#### SUPPLIED RECORDS

★ ★ ★ ★ ★ ★ ★

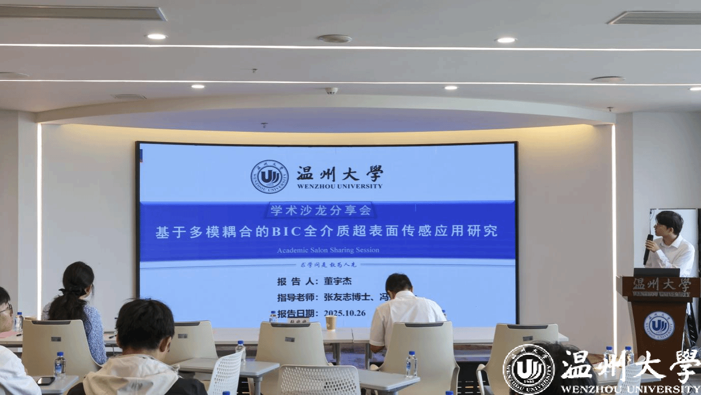 董宇杰同学则带来《基于连续域束缚态的多模耦合全介质超表面传感应用研究》,从理论模型构建到实验验证,介绍了全介质超表面在传感领域的创新应用,展现了跨学科融合的科研视角。
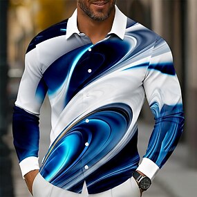 Homme Géométrique Dégradé de Couleur Art abstrait Chemise Chemise Boutonnée manche longue Mode Décontractée Extérieur Tenue Quotidienne Printemps Automne Col Rabattu Impression 3D chemises à col Bleu
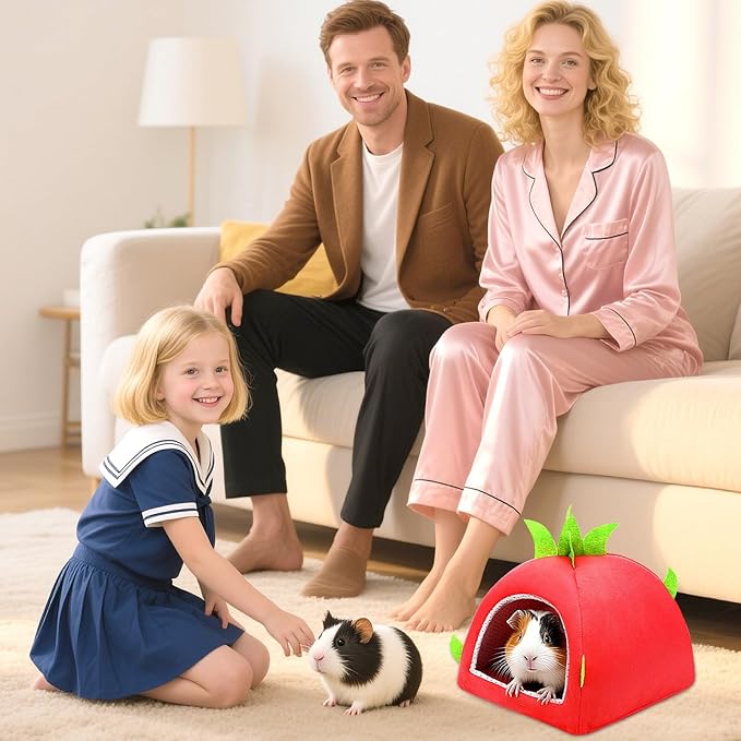 - Friendly Design: Designed in pitaya shape, the Guinea pig hidey is not easy to get dirty,very practical to use, with bright and beautiful patterns. The integrated design avoids accessories from slipping out and can also make the claws of small animals from being caught. The thickened inner cushion makes the Guinea pig bed stand upright and not easily deformed
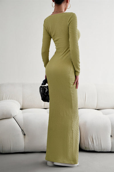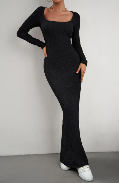 Long Sleeve Square Neck Maxi Bodycon Dress
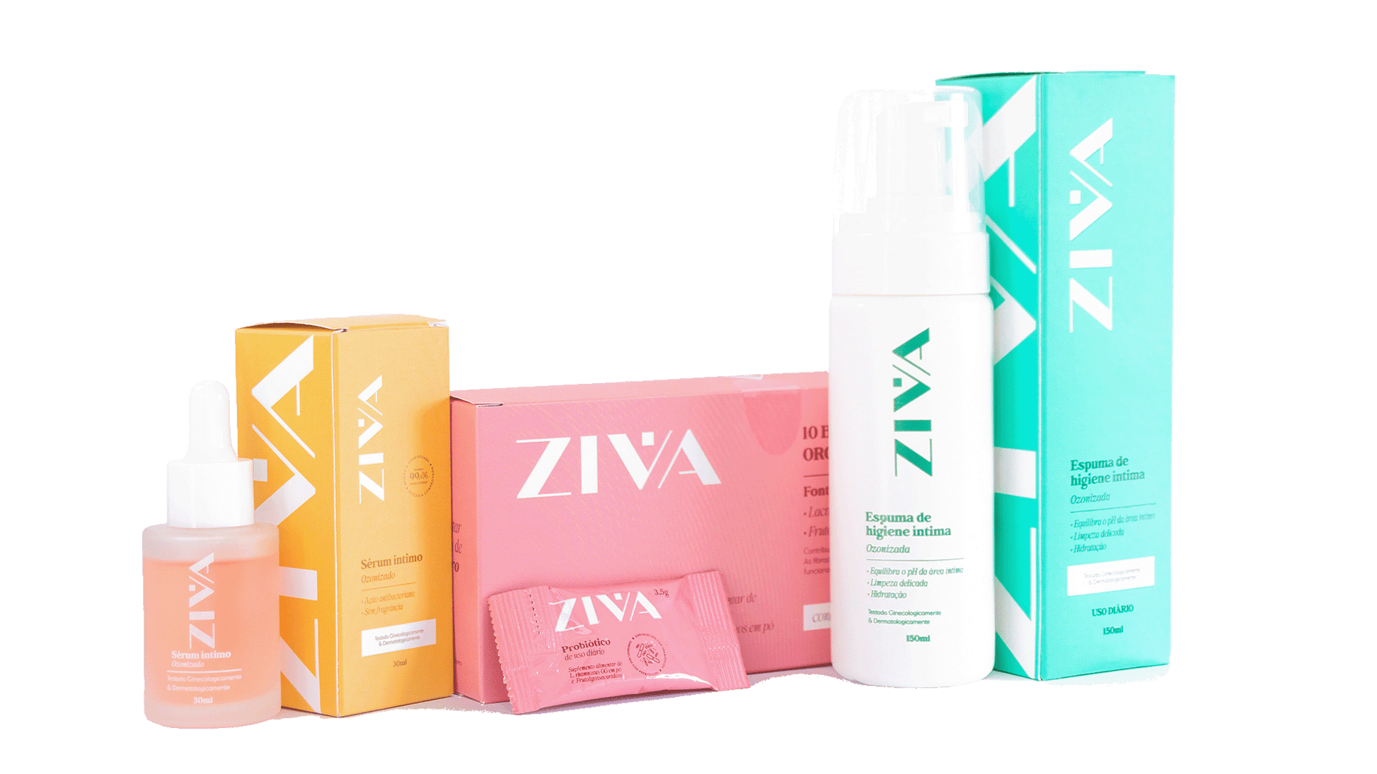 Trio completo: Simbiótico Íntimo Ziva, Sérum e Espuma Ozonizados, para um cuidado íntimo total. Alívio profundo, flora equilibrada e uma nova relação com o seu corpo.
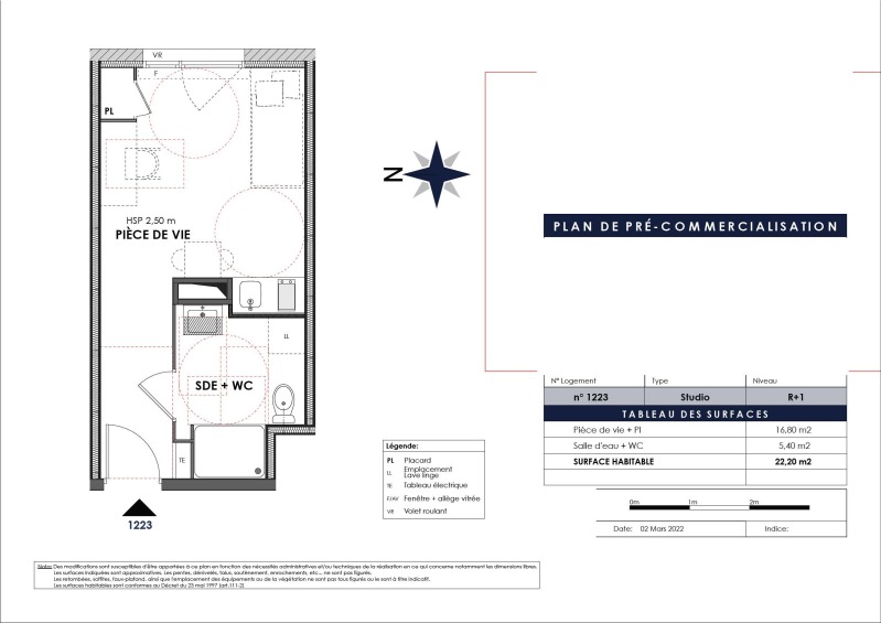 Le studio de 22.20m² offre une pièce de vie fonctionnelle avec une cuisine équipée, un réfrigérateur table top et des rangements pratiques. La salle d'eau moderne avec WC vous garantit un confort simple et efficace au quotidien. Une place de parking extérieure vient compléter ce bien.
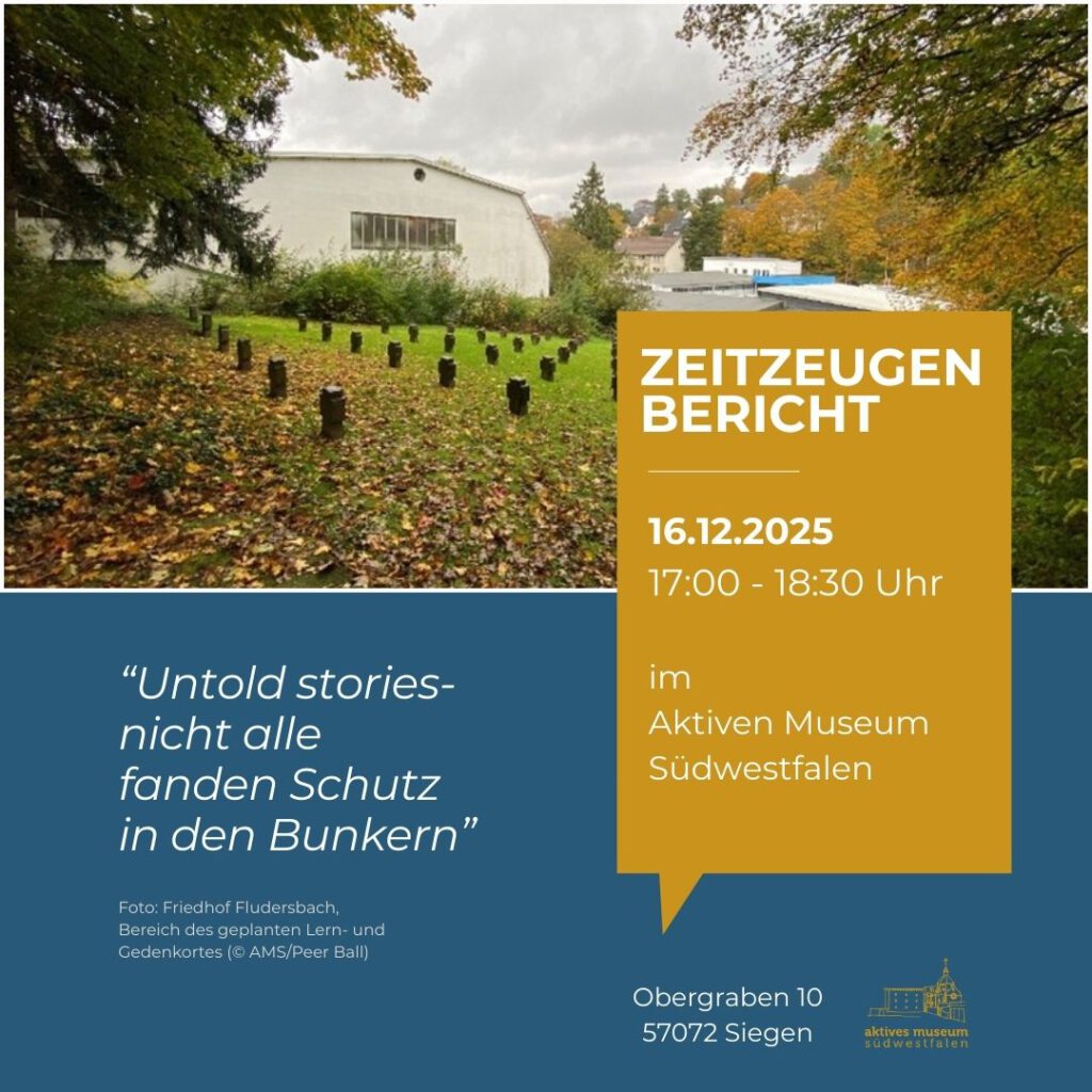 Ort: Aktives Museum Südwestfalen, Obergraben 10, 57072 Siegen (bitte nutzen sie gerne das Parkhaus am Löhrtor mit direkter Verbindung zum Museum)
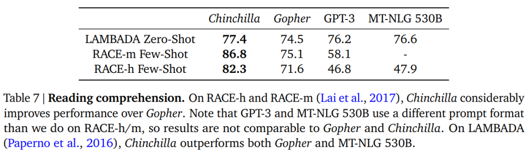 阅读理解。在单词预测数据集 LAMBADA 上,Chinchilla 达到了 77.4% 的准确率,而 Gopher 和 MT-NLG 530B 的准确率分别为 74.5% 和 76.6%(见表 7)。在 RACE-h 和 RACE-m 上,Chinchilla 的性能大大优于 Gopher,两种情况下的准确率都提高了 10% 以上。
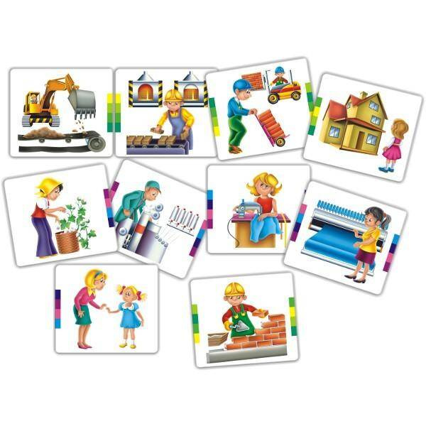 Mieszkasz w domu, w szafie trzymasz swoje ubranka, ale jak to powstało, skąd się to wzięło? Jakie czynności trzeba wykonać, aby zbudować dom? Jak powstają meble? Jak zrobiono moje ubranie?W zestawie znajduje się 15 plakietek z rysunkami 3 cykli produkcyjnych. Aby ułożyć pięć plakietek w proces produkcyjny, trzeba najpierw zadać trochę pytań dorosłym. Sprawdzisz sam, czy ułożyłeś właściwie, dzięki barwnym znakom na bokach plakietek. Powodzenia

★ ★ ★ ★ ★ ★ ★

#### GOAL OF THE EXERCISE
The required output is the exact run of lines from the start of the records through the line containing "Trio completo: Simbiótico", both ends included, with no pictures.

#### RESPONSE FOR THIS EXERCISE
 董宇杰同学则带来《基于连续域束缚态的多模耦合全介质超表面传感应用研究》,从理论模型构建到实验验证,介绍了全介质超表面在传感领域的创新应用,展现了跨学科融合的科研视角。
 Homme Géométrique Dégradé de Couleur Art abstrait Chemise Chemise Boutonnée manche longue Mode Décontractée Extérieur Tenue Quotidienne Printemps Automne Col Rabattu Impression 3D chemises à col Bleu
 - Friendly Design: Designed in pitaya shape, the Guinea pig hidey is not easy to get dirty,very practical to use, with bright and beautiful patterns. The integrated design avoids accessories from slipping out and can also make the claws of small animals from being caught. The thickened inner cushion makes the Guinea pig bed stand upright and not easily deformed
 Long Sleeve Square Neck Maxi Bodycon Dress
 Trio completo: Simbiótico Íntimo Ziva, Sérum e Espuma Ozonizados, para um cuidado íntimo total. Alívio profundo, flora equilibrada e uma nova relação com o seu corpo.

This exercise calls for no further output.